Saturday, January 15, 2011
Economists fear 2008 repeat as corn, soya bean prices rise
SINGAPORE -- Global economists are warning that the world might see a repeat of the 2008 food crisis after corn and soya bean prices hit 21/2-year highs this week.
On Wednesday, corn and soya bean jumped 4 percent to US$5.93 and US$13.86 a bushel respectively following a United States Agriculture Department announcement that corn production was on course to drop 5 percent this year and soya bean output was likely to fall 1 percent.
And late Thursday, the price of both crops hiked again, with corn trading at US$6.38 and soya at US$14.18 a bushel.
Supplies of the two commodities have been depleted by demand for corn-based ethanol and a sharp fall in 2010 production of both corn and soya bean.
Corn and soya are used extensively as feed for livestock and experts predict the tightening supply and rising cost of the crops will force up meat and dairy prices.
Livestock prices have already begun climbing, with cattle futures setting a record on Wednesday night and hogs reaching an eight-month high.

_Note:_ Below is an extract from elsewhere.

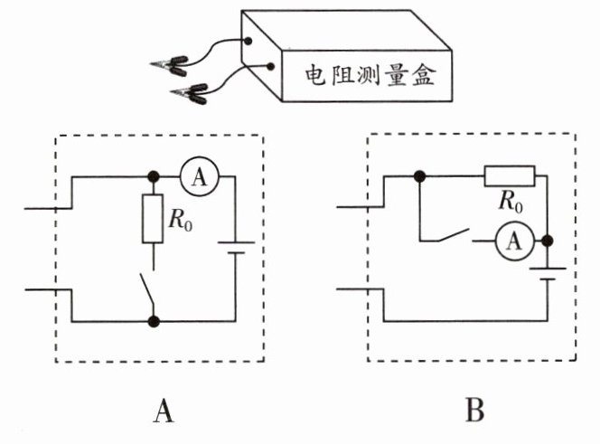 7. (双选)如图所示的“电阻测量盒”,内有电源(电压不变且未知)、阻值已知的定值电阻$R_{0}$、开关和电流表,并引出两根导线到盒外。将盒外的两根导线分别与待测电阻$R_{x}$的两端相连,根据开关闭合、断开时电流表的示数,可以计算出$R_{x}$的阻值。下列设计的盒内电路图符合要求的是(
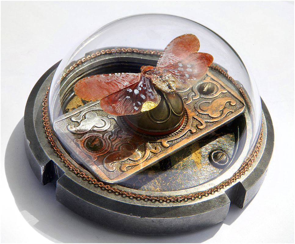 Suzanne Schmid’s pieces are preserved under a glass dome that she hand-blows in a hot glass studio. She uses a "cold connection" technique to build her pieces with nuts and bolts and machining parts. Her sculptures are modern-day reliquaries for the office and home.

Economists from the World Bank are alarmed about the rapid rises and fear the impact of escalating food inflation on the developing world.
“Although real food prices in most developing countries have not increased as much as those measured in U.S. dollars, they have risen sharply in some poor countries,” the World Bank noted in its latest Global Economic Prospects report.
Economist Chua Hak Bin from Bank of America Merrill Lynch expects many South-east Asian countries to be hard-hit by the rocketing prices, as a disproportionately large amount of consumer spending in the region goes on food.
“In the Philippines, it's 49 percent of their consumer price index basket, in Indonesia it is 38 percent, Thailand 35 percent, Malaysia 34 percent,” he said at a media briefing.
Dr Chua pointed out that the situation was not currently as serious as the 2008 food crisis.
The prices of major staples, such as rice and oil, had not increased as much as other commodities. Over the past six months, rice has risen 30 percent and crude oil 19 percent. In contrast, corn has surged 84 percent and soya bean is now 39 percent higher.
Citigroup economist Kit Wei Zheng added that Singapore was not likely to be significantly affected by the runaway food prices. He noted that during the 2008 food crisis, food prices in Singapore increased at a much slower rate than the United Nations' Food Price Index.
For 2012, growth in the global economy is estimated at 3.6 percent.
Threats that could derail the recovery include the euro zone debt crisis and volatile capital flows as well as commodity prices, the World Bank added.